One of the most pernicious lies in our political process has nothing to do with birth certificates or Glenn Beck. Instead, it is the repeated and blatantly false claim that 60 votes are required to pass most legislation in the Senate.
With the exception of treaties, impeachment convictions, and amendments to the Constitution, anything--not just budgetary reconciliation bills--can pass the Senate with only 51 votes. Everyone knows this, as we went through a fight over it just four years ago:
(More in the extended entry)
The Nuclear Option is used in response to a filibuster or other dilatory tactic. A senator makes a point of order calling for an immediate vote on the measure before the body, outlining what circumstances allow for this. The presiding officer of the Senate, usually the vice president of the United States or the president pro tempore, makes a parliamentary ruling upholding the senator's point of order. The Constitution is cited at this point, since otherwise the presiding officer is bound by precedent. A supporter of the filibuster may challenge the ruling by asking, "Is the decision of the Chair to stand as the judgment of the Senate?" This is referred to as "appealing from the Chair." An opponent of the filibuster will then move to table the appeal. As tabling is non-debatable, a vote is held immediately. A simple majority decides the issue. If the appeal is successfully tabled, then the presiding officer's ruling that the filibuster is unconstitutional is thereby upheld. Thus a simple majority is able to cut off debate, and the Senate moves to a vote on the substantive issue under consideration. The effect of the nuclear option is not limited to the single question under consideration, as it would be in a cloture vote. Rather, the nuclear option effects a change in the operational rules of the Senate, so that the filibuster or dilatory tactic would thereafter be barred by the new precedent.

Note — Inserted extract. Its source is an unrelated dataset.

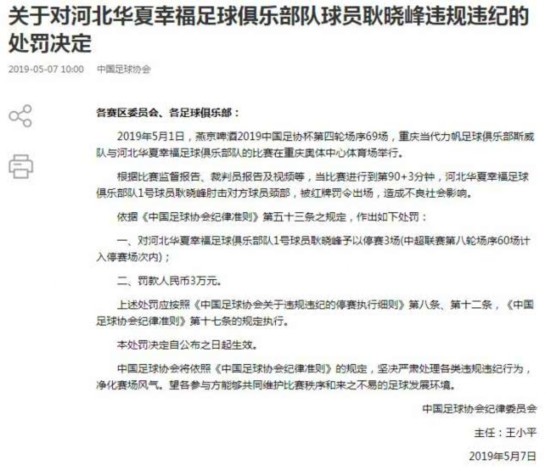 腾讯体育5月7日讯 北京时间今天上午,中国足协开出了一张罚单,在上周的足协杯重庆斯威与河北华夏幸福的比赛中,河北门将耿晓峰在发球时肘击了重庆球员元敏诚,耿晓峰也因为这个动作染红下场。不过这几天,元敏诚似乎也受到了不小的压力,他在社交媒体发生,表达不解。

Any filibuster can be ended with only 51 votes. There was a huge political fight over this only four years ago, and yet we still all pretend that 60 votes are required to pass anything through the Senate.
Think about this while reading Senator Tom Harkin's recent comments on card-check and the Employee Free Choice Act:
Sen. Tom Harkin (D-Iowa) said to labor activists last Thursday "Card Check" would probably not pass this year.
In the same speech Harkin also said that he had 60 votes as of July, but Sen. Ted Kennedy (D-Mass.) could not be present to cast the decisive vote because of his illness. The Massachusetts legislature is considering an appointment to fill the seat before next year's special election.
With the truth about only needing 51 votes to pass anything in mind, the question should not be how to get a 60th vote in the Senate, but why aren't there 51 Senators willing to pass things like card-check, health care reform, and climate change legislation through the so-called "nuclear option?"
While there are many possible answers to this question, they generally fall into two camps. One fear is that the party in the majority would end up with too much power, while the other is valuing Senate process over any given piece of legislation. Neither are particularly strong justifications for continuing to operate according to 60 votes, but the valuing of Senate process over any given piece of legislation is particularly disturbing.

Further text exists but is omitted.